Baxter Lab

Research

The fidelity of chromosome inheritance is of paramount importance to all living organisms. This means that in every cell division one complete copy of the parental genome must be sorted into each of the two daughter cells without any duplication or loss. This is achieved by first the complete and faithful duplication of the genome by the DNA replication machinery. Next the replicated chromosomes need be fully resolved from one another ensuring that no physical connection exists between them. Finally the sister chromosomes need to be segregated to opposite ends of the dividing cell ensuring that when the cell division is completed both daughter cells have a full complement of genetic information.

The process of chromosome resolution is essential because the replication of the double helix initially produces sister chromatids with numerous inter-links which initially bind the chromatids together. These would, if left unresolved, prevent segregation of the chromosomes into the daughter cells.
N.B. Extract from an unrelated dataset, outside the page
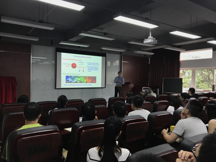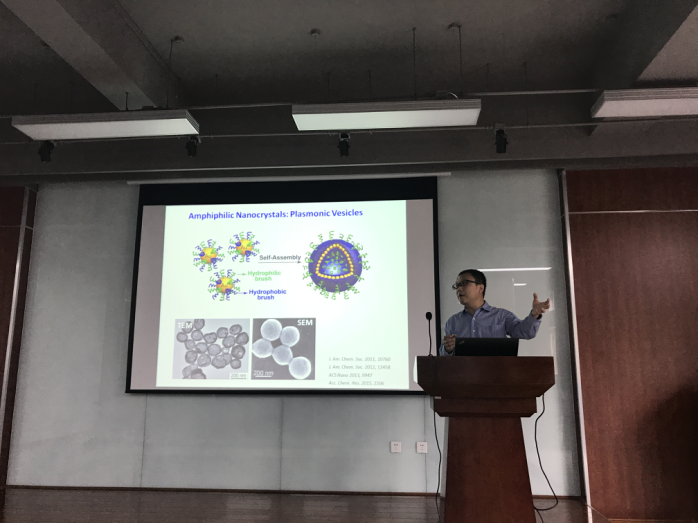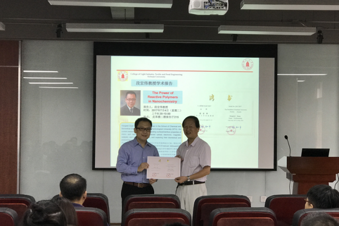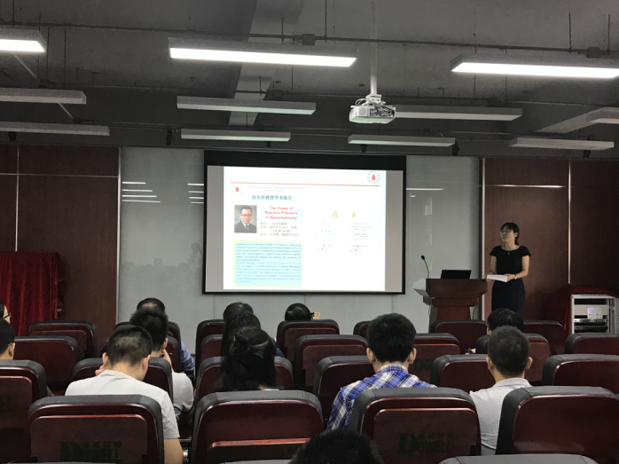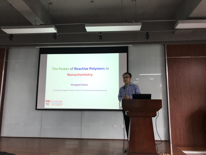 2017年7月4日,来自新加坡南洋理工大学化学与生物医学工程学院的段宏伟副教授对我院进行学术交流访问,并在皮革楼二楼报告厅做了学术报告会,报告会由我院林炜教授主持。段宏伟副教授在会上作了一场题为“The Power of Reactive Polymers in Nanochemistry”的学术报告,介绍了其主要的研究方向和最新的研究成果。该会不仅有我校大量教师、研究生、本科生参加,还吸引了部分校外的学者们前来交流讨论。最后,大家带着思考和收获,以热烈掌声感谢段宏伟副教授的精彩学术报告,报告会在轻松活跃的气氛中落下帷幕。段宏伟教授本科和硕士分别就读于复旦大学化学系和高分子系,师从江明院士。他于2005年在马克思普朗克胶体界面研究所Helmuth Möhwald教授研究组完成博士论文,之后在佐治亚理工和Emory大学生物医学工程系和聂书明教授从事博士后研究。他在2009年加入新加坡南洋理工大学化学与生物医学工程学院,并于2015年晋升终身副教授。2017年被聘为四川大学客座教授。目前他的研究内容主要集中在通过理解调控微纳结构的表面-界面性质实现相应材料在生物医学和环境工程领域的应用。

These double stranded interlink between the sister-chromatids or catenanes are mostly generated at the completion of DNA replication. During DNA replication in eukaryotes both topoisomerases I and II (Top2 in yeast) operate ahead of the replisome to relax the supercoils generated by replicative helicase mediated unwinding. In doing so they resolve the majority of links between the parental strands. However, the remaining links between the parental strands are converted into double-stranded DNA catenanes at the termination of DNA replication. Resolving the remaining mitotic catenanes is the essential function of topoisomerase II alone.

The research in the laboratory focuses on two aspects of this process:

  1. Describing the nature of the replisome during termination phase of DNA replication swivel and the factors that determine when and how replisome swivelling takes place.
  2. How does the cell ensure that all DNA catenanes or intertwines are resolved before the chromosome segregate the replicated sister chromatids at anaphase.

Central to both these processes is the topology and structure of the DNA double helix. The stress due to DNA topology at termination drives the swiveling of the replisome that occurs at termination resulting in a final replication intermediate of catenated sister chromatids. Conversely during mitosis the sister chromatids are subjected to a dynamic positive supercoiling activity that drives the resolution of catenated sister chromosomes.